Judge Bill Gibron acknowledges that attack is what we lack.
Tonight there's gonna be a breakout/ Into the city zones/ Don't you dare to try and stop us/ No one could for long
Tributes rarely work. While the intentions are always good, the execution of same can be marred by ego, inexperience, and a general failure to complement the subject being celebrated. So when a game Gary Moore, one of several seminal guitarists who worked with the late, great bassist Phil Lynott in the band Thin Lizzy, steps up to offer a one-off concert in commemoration of his fallen mate, there is potential trouble in the attempt. The subject is a literal god in Ireland, a scrappy street kid who grew up to become one of rock's most amazingly lyrical frontmen. And the date chosen coincided with the unveiling of a long demanded statue in Lynott's honor. Bringing in other noted sideman from the "Boys are Back in Town" band, including original drummer Brian Downey and axemen Brian Robertson, Scott Gorham, and Eric Bell, the combination jam and greatest hits collection could have been a disaster. Instead it brings the SRO audience to their feet in unbridled aural delight. And once you have a chance to see and hear it, especially on Blu-ray, you'll completely understand why.
Moore makes up for a limited Lizzy catalog (there is no way they could conceivable mark all the memorable musical moments in the group's varied career) and the still somber facts of Lynott's death (he passed from heart failure and pneumonia in 1986, at 36) by putting on the most personal of public performances. The song list includes tracks from his own solo work as well as all phases of Lizzy's life. They include:
• "Walking By Myself"—from the 1990 Gary Moore
solo album Still Got the Blues
At a little less than 100 minutes, A Tribute to Phil Lynott might seem slight. But once you hear Moore and his compatriots tear through the various numbers here, length becomes a non-issue. This is a sensational concert, the mix of material perfectly balanced between extended slow burn guitar workouts and seismic metal stomp. As each ex-member of Lizzy's former Fender brigade takes the stage, backed amiably by Downey and Jethro Tull bassist Jonathon Noyce, the connection between the material and the crowd becomes evident. Lynott really spoke to his Irish kinsman, the mix of modern musical signatures and more classical folksong sentiments bringing a unique and very effective sonic force to tunes. This is especially true of "Emerald" and "Black Rose." The sheer power in these offerings overshadows the basic blues stomp of "Walking by Myself" or even the wonderful "Whisky in the Jar."

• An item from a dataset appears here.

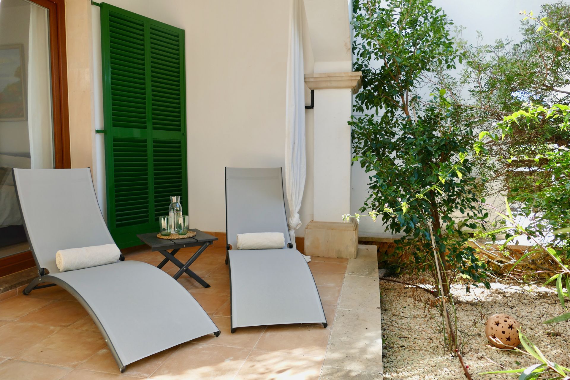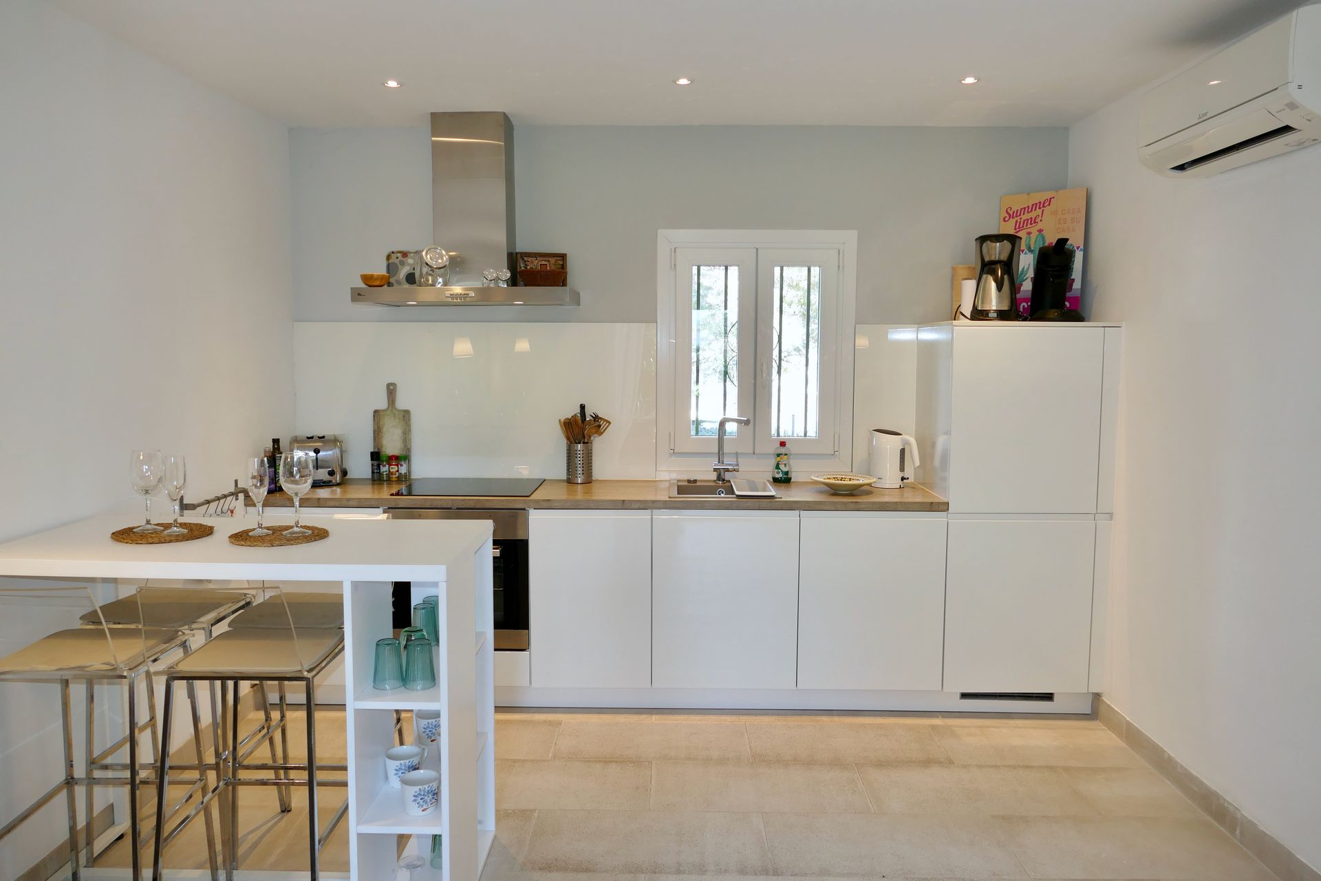 Im ebenfalls klimatisierten Schlafzimmer finden sie einen großzügigen Einbauschrank und ein Designer-Doppelbett mit hochwertigen Matratzen vor, das auf Wunsch auch in zwei Einzelbetten umgewandelt werden kann.

Regarding the special guests, Gorham gets the most face time, appearing with Moore for almost half of the material. He's got the old school Lizzy looks down pat. Robertson seems a little burnt out, wearing those always hard rock years on his slightly haggard face. Still, the man can rock, and does so mightily. Bell arrives for "Whisky," and that's it. He seems pleased to be part of the celebration. By the end, Moore is covered in sweat, and with good reason. He carries this entire production on his aging, pudgy shoulders, delivering Lynott's signature melodies with the kind of gusto reserved for opera stars. He's simply amazing here, ripping into "Jailbreak" and "Cowboy Song" with giddy abandon. His guitar playing is nothing to sneeze at, either. Always recognized for his sensational solos, Moore uses the breaks in "Black Rose" to fill out traditional tunes like "Danny Boy" with amazing dexterity. Without him, this would be a decent dedication to a fallen legend. With Moore at the helm, this becomes an amazing live experience all its own.

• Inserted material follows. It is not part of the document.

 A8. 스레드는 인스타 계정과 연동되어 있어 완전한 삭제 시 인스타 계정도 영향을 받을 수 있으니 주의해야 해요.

As they usually do with their Blu-ray releases, Eagle Rock Entertainment does a magnificent job with the high definition tech specs—the most important one being aural reproduction. The DTS HD Master Audio is amazing, full bodied and totally immersive. The crowd is buried deep in the mix, so the live concert experience is somewhat underwhelming, but the overall attention to sonic detail, including the separation between guitars, is just great. There are also LPCM Stereo and Dolby Digital 5.1 mixes, but if you can, stick with the DTS. It is definitive. Visually, the concert suffers from directorial ADD. The 1080i widescreen image (1.78:1) is gorgeous, with an abundance of detail and a stunning sense of immediacy. The man behind the switches, however, can't keep from jump cutting between the players at increasingly irritating rates. Just as Moore is about to lay into a long lead line, the editing moves to Downey keeping a standard downbeat. Huh? We want to see the performances, not indirectly experience them through sloppy switches. Luckily, the sole bonus feature saves this situation. In a collection of interviews, Lynott is remembered by his mates, and it's very moving indeed.

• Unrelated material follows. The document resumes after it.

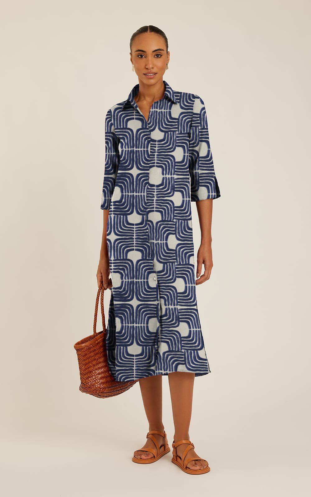 Crafted from 100% viscose, the fabric is lightweight, soft, and breathable—ideal for warm-weather wear. The Paros print features a striking navy and ivory geometric pattern, inspired by the serene architecture and coastal lines of the Greek islands, offering a modern Mediterranean flair that exudes timeless elegance.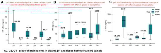 Graphs of changes in HIF-1α (A), ANG-2 (B), and IL-1β (C) concentrations in tissue homogenates and plasma samples from patients with brain glioma of different grades. Information about the medians is placed above the box plots.

To a teenager growing up in the '70s, Thin Lizzy was the oddball entry in every record collection. While FM radio ritualistically played "The Boys are Back in Town" and "Jailbreak" until they were rote, they represented only a minor part of Phil Lynott's rock and roll legacy. It's fitting that his hometown now houses a statue in his honor. For anyone unable to visit the place of his birth, this Gary Moore tribute is the next best thing. It provides all the aural context you need and delivers a damn fine concert in the process. Finally, an all-star celebration to a fallen figure that actually works—and works well.